Mirvac’s plans for a residential tower on the Harbourside Shopping Centre site in Darling Harbour have undergone alterations to create an “improved relationship” to the waterfront site.
Mirvac is playing around with plans to gain approval on the massive site in Sydney’s Darling Harbour, with the ASX-listed developer increasing the height of the residential tower to 167m, adding a new public square and switching the location of the tower from original designs on the 2.05-hectare site.
According to the application the tower has moved away from the heritage-listed Pyrmont Bridge to the widest part of the site creating an “improved relationship to the waterfront and ICC Hotel, to minimise view impacts from 50 Murray Street”.
Neighbouring Sofitel Darling Harbour owner Jerry Schwartz is not impressed with Mirvac’s proposal which he said goes against the urban design concept of the precinct.
The latest changes increase the tower height by 12.6m to offset a loss in the podium floor area for the provision of a new public space called Guardian Square.
There has been a number of plans for the site in the past four years, which recently moved to stage three of the unsolicited proposal process, and are currently on exhibition online.
The fjmt-designed tower is part of a 87,000sqm mixed-use development including 45,000sqm non-residential and 42,000sq m residential development.
If approved, stage 1 early works include the demolition of the Harbourside Shopping Centre built in 1988, obsolete monorail infrastructure and associated tree removal.

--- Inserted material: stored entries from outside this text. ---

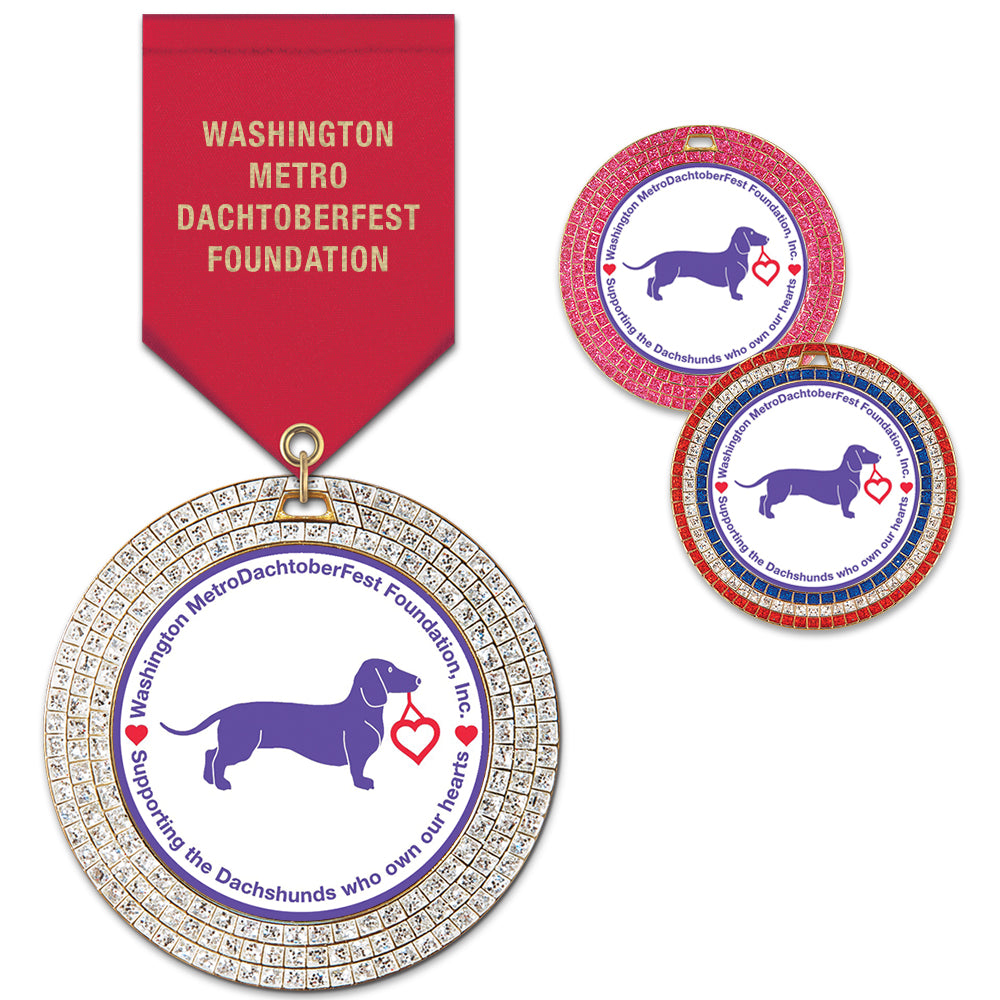 • Choose from one of our stock designs or your custom logo and text printed in medal center
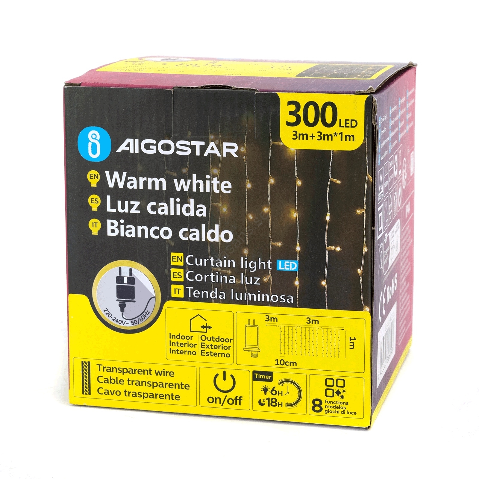 Aigostar - LED utomhus julslinga 300 LED/6W/230V/8 funktioner 3x1m IP44 varmvit + fjärrkontroll | Al
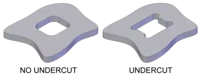 Undercuts should be avoided for ease of manufacturing. Undercuts typically require additional mechanisms for manufacture adding to mold cost and complexity. In addition, the part must have room to flex and deform. Clever part design or minor design concessions often can eliminate complex mechanisms for undercuts. Undercuts may require additional time for unloading molds. It is recommended that undercuts on a part should be avoided to the extent possible.
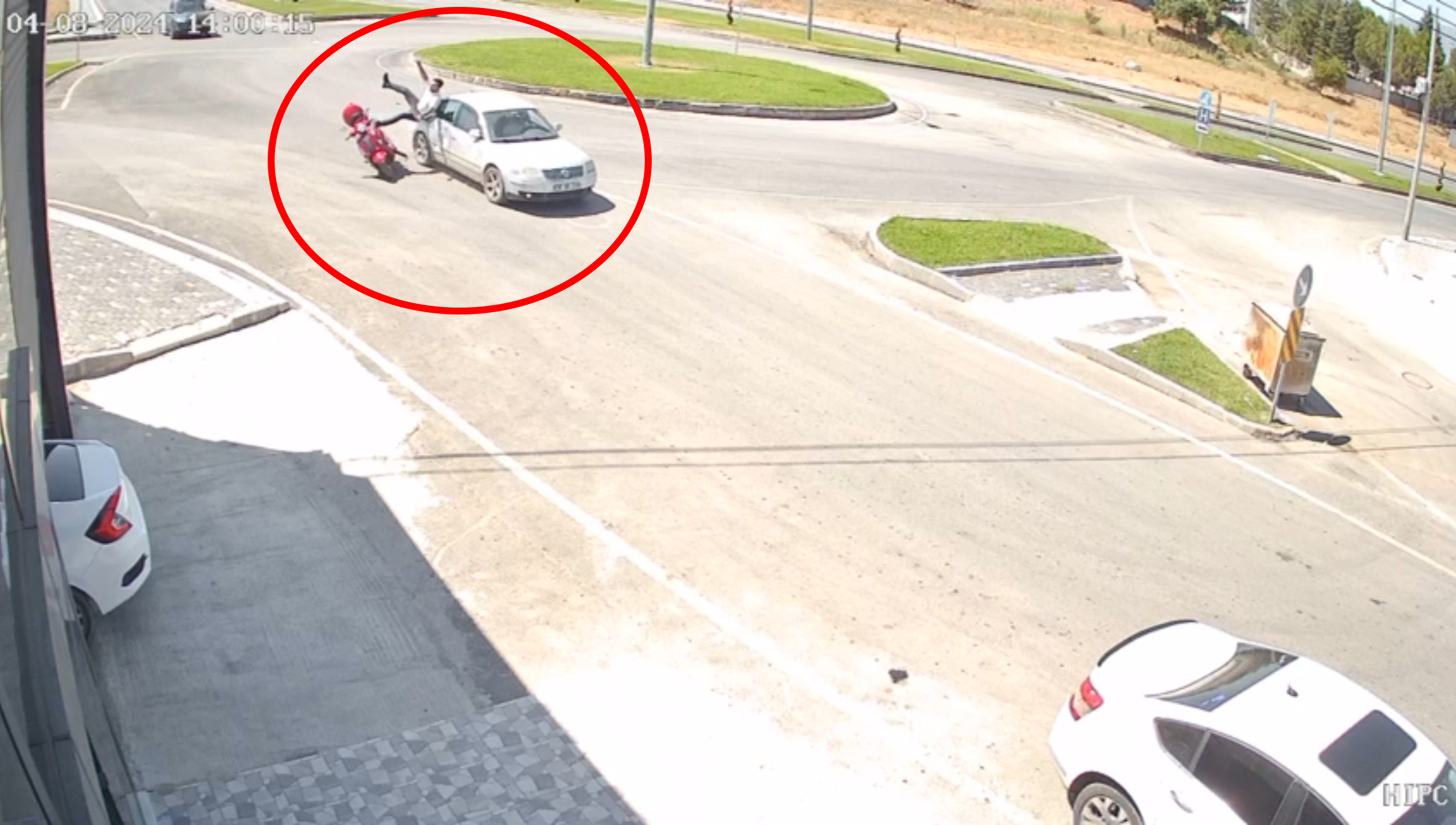 Kaza, saat 14.00 sıralarında Yavuz Sultan Selim Mahallesi Erbaa Devlet Hastanesi kavşağında meydana geldi. Güvercin Sokaktan Recep Tayyip Erdoğan Bulvarına seyreden İbrahim Deveci yönetimindeki 60 AFV 544 plakalı motosiklet, Dr. Fahrettin Koca Bulvarından kavşağa giren Harun Türkyılmaz yönetimindeki 06 KB 2306 plakalı otomobille çarpıştı. Kazada motosiklet sürücüsü yaralandı. İhbarla olay yerine sağlık ve polis ekipleri sevk edildi. Yaralı motosiklet sürücüsü, ambulansla Erbaa Devlet Hastanesine kaldırıldı. Kaza, çevredeki bir iş yerinin güvenlik kamerasına anbean yansıdı.
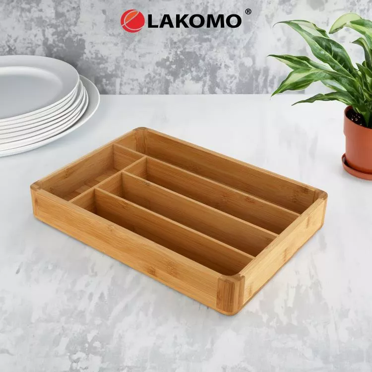 Организуйте пространство на кухне с помощью стильного и практичного лотка для столовых приборов из бамбука!
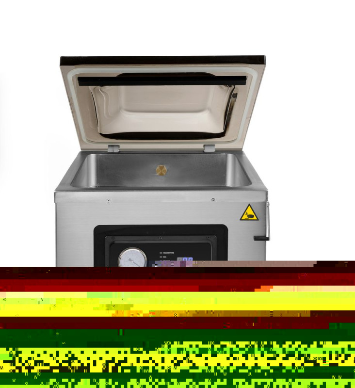 410 mm lange sealstrip, 3 mm breed. Instelbare vacuüm, seal, inlaat en koeltijden, automatische en handmatige bediening. Geschikt voor het vacuüm verpakken van vloeistof en nat voedsel. Voorzien van digitaal display en analoge vacuüm meter. Hoogwaardige oliepomp biedt hoge druk (1009mbar) en trekt snel vacuüm. Behuizing en vacuüm kamer van roestvast staal. Een grote uitsparing in de kamer en de koepel op het transparante deksel maken het mogelijk om grote porties te verpakken. Met klemmen aan de binnenzijde om zakken op de plaats te houden tijdens werking. Pomp capaciteit: 333,3 L/min. Kamer afmetingen: 425x457x(H)100 mm
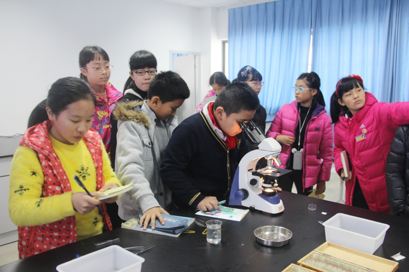 在实验室里,小学生们认真听取各实验室负责老师的讲解,老师和志愿者带领小学生逐一体验了各个实验室的教具,孩子们不时提出疑问,或驻足观看,或侧耳倾听,或踊跃参与,或互动交流。在自然科学室里,他们观察显微镜下的神奇世界;机器人实验室里,他们体验了智能机器人夹取、移动、投篮等运作全过程;在未来课堂实验室,他们体验了先进的教学媒体在教学中的应用。整个活动十分愉快,教室里回荡着阵阵笑声,直到下午4点小学生们才离开。实验室开放活动有效地利用学校资源,让孩子们体验了各种实验教学仪器,激发了他们对科学知识的兴趣。

Mirvac’s chief investment officer Brett Draffen said there’s an opportunity to transform the site into a key tourism destination for Sydney and deliver a world-class mixed-use development.
“The new-look Harbourside Shopping Centre will provide locals and visitors alike with access to a range of open public spaces as well as improved retail, dining and entertainment options,” Draffen said.
“Around $15 billion of investment and renewal has been injected into the Precinct over the past decade, and having the opportunity to reinvent Harbourside will complete the area and link Darling Harbour to the wider Pyrmont peninsula.
“Our plans for the centre, developed after four years of extensive community consultation, have been significantly improved by feedback from government, especially around the public space that will open up Darling Harbour and connect to the Pyrmont Bridge.”
Draffan is part of the new commercial and mixed use development team created at Mirvac following onset of Covid-19.
The group also consolidated office, industrial, retail and build-to-rent teams into a new commercial property division in the last quarter.